On Monday 26 October 2009, Øyvind Harboe wrote:
> On Mon, Oct 26, 2009 at 8:53 PM, Nicolas Pitre <n...@fluxnic.net> wrote:
> > On Mon, 26 Oct 2009, David Brownell wrote:
> >
> >> Note by the way that public repositories are mostly for
> >> publishing work you expect others to use.  I'm not sure I'd
> >> expect folk to review patches from repositories as any kind
> >> of regular thing ... it may be marginally easier to do that
> >> way than sending them on the mailing lists.
> >
> > If that's indicative of anything, on the very Git mailing list (of all
> > places) about 98% of all changes are posted as patches and merged as
> > such.  No one ever ask people to review patches by fetching a repo.
> 
> So here you're really saying that development branches aren't
> really used, except as a way for maintainers to track patch series?

That's not what he wrote.  :)

Branches are used to coordinate between maintainers,
and to let bleeding-edge developers work with code
before it's deemed ready to merge.  As I said, they
are for publishing work you expect folk to use.

I might also have added "... and which is too complex
to just grab as a couple patches off the list".  That's
the main engineer-to-engineer channel for code; it's
easy to review and comment on inlined text.  And to
cherry pick the (clean) patches that fix bugs you're
hitting.


> There will be a dozen patches to the mrcmcr stuff before
> it's "all over" and ready to be committed.

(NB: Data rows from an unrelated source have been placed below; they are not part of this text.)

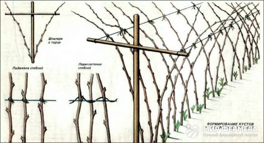 Ветки привязывают к проволоке первого уровня. На следующий год длина поросли увеличивается, и молодые побеги подвязывают ко второй проволоке. Еще через год процедуру повторяют, подвязывая побеги к третьей проволоке. В дальнейшем всю поросль, образовавшуюся возле корневой шейки, удаляют, а молодые побеги укорачивают или срезают, чтобы куст оставался компактным.
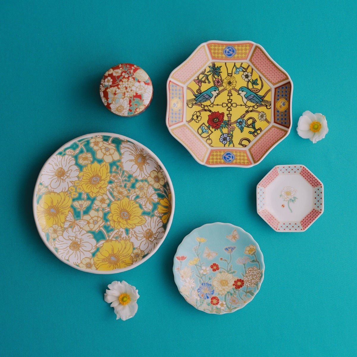 大皿九谷焼 ¥5,940、珍味入れ九谷焼 ¥3,300※一部店舗・公式オンラインストア限定、小皿九谷焼 ¥2,200、中皿九谷焼 ¥4,840、豆皿九谷焼 ¥1,650
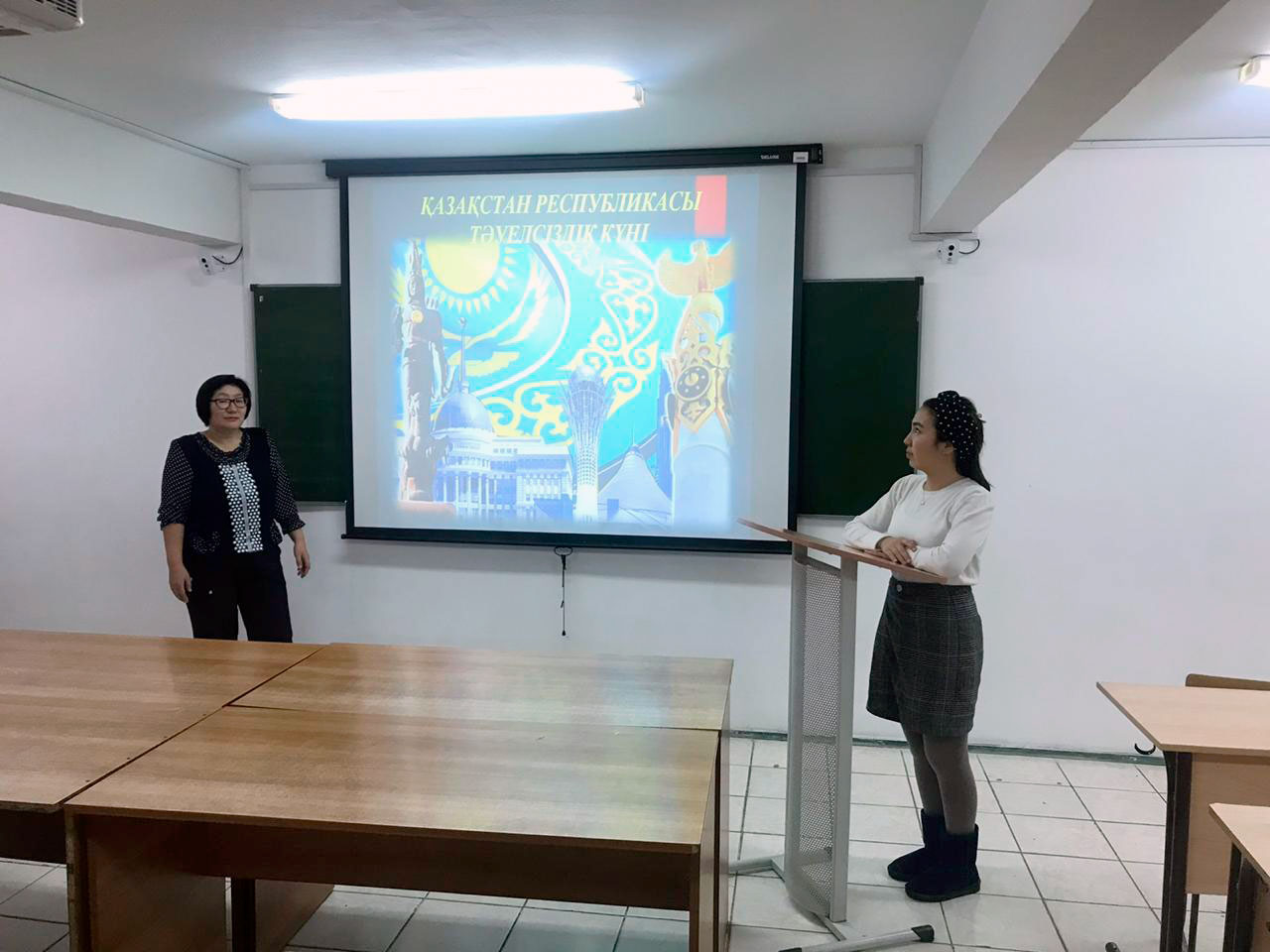 On the eve of the Day of Independence of the Republic of Kazakhstan in groups ПД 19-01 (curator Melnova K.V.) and ИЯК17-02 (curator Umbetova K.Ye.) there was held the curator’s hour devoted to the remarkable date –the 16-th of December. All the information was prepared by the students who took the initiative in searching the material, making presentations and conducting the curator’s hour. There was given the basic information on the theme of the curator’s hour, there was held mini-questionnaire among the students on the knowledge of the mane data in the history of our state.
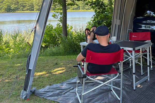 The improved armrests provide extra comfort so you can relax while sitting outdoors. The director’s chair is easy to transport, weighing just 3.28 kg. It takes only seconds to unfold and fold the chair. Perfect for camping, fishing trips or use in the garden at home.
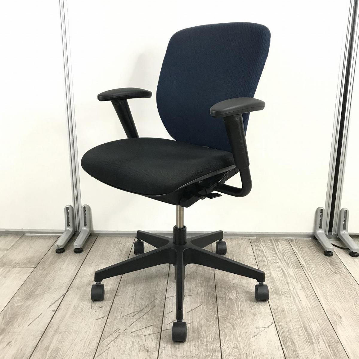 【一人ひとりにマッチする座り心地!ミドルクラスの定番チェア!】■イトーキ(ITOKI) プラオ(PRAO) 肘付き ローバック ■可動肘 ■ランバーサポート付き ■背面ネイビーブルー×座面ブラック- 春日部・越谷店
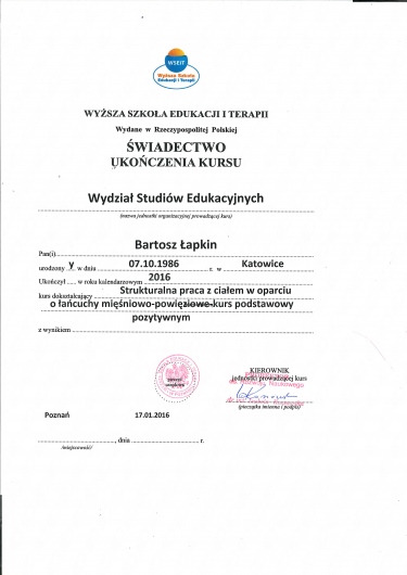 Jaki jest zakres porad oferowanych przez Bartosz Łapkin?Bartosz Łapkin to fizjoterapeuta. Na podstawie swojego doświadczenia i wykształcenia Bartosz Łapkin oferuje usługi takie jak: konsultacja fizjoterapeutyczna, Terapia manualna, prądy interferencyjne, Fala uderzeniowa, kinezyterapia, elektroterapia, krioterapia, masaż częściowy, masaż klasyczny, masaż limfatyczny.
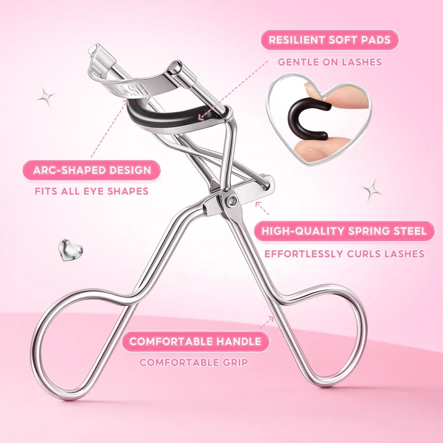 تتميز أداة تجعيد الرموش المبتكرة هذه بتصميم منحني خاص يناسب جميع أشكال العيون.
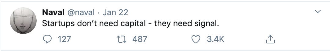 As a new founder with a fledgling startup, you have an obvious problem. The thing all startups need is preferential attachment - for the best customers, hires, and fans to all want to preferentially attach themselves to you. But you don’t have any signal yet. And people usually attach to high-signal stories, not the low-signal ones. So how do you bootstrap yourself some signal?

IMO that's fair to have as a branch.  Two or three
patches ... not worth it.

 
> What could I realistically expect in terms of testing for the below?
> 
> - a patch series a dozen patches long

Note that how that series is delivered matters.  The three
options below presume it's via GIT.  Via mailing list can be
a bit awkward for that size series.  You could put them in
your web page on sf.net, individually or as a tarball, too.


> - a branch on sf
> - branch on that other web site in some repository
> - a branch on that other web site in the "testing" branch of
>   the official testing repository

In all of those cases, primarily testing *YOU* perform;
which of course should be quite exhaustive.  ;)

If there's a bug someone's hitting that may be fixed
by that series, often you can expect that person to
test patches you develop.  The more complex it is to
test, the less likely ... as I'm sure you know.


> - committed to master branch

A reasonable amount from the developer community.

Once the code is released, via often-delayed bug
reports from a frustrated user community.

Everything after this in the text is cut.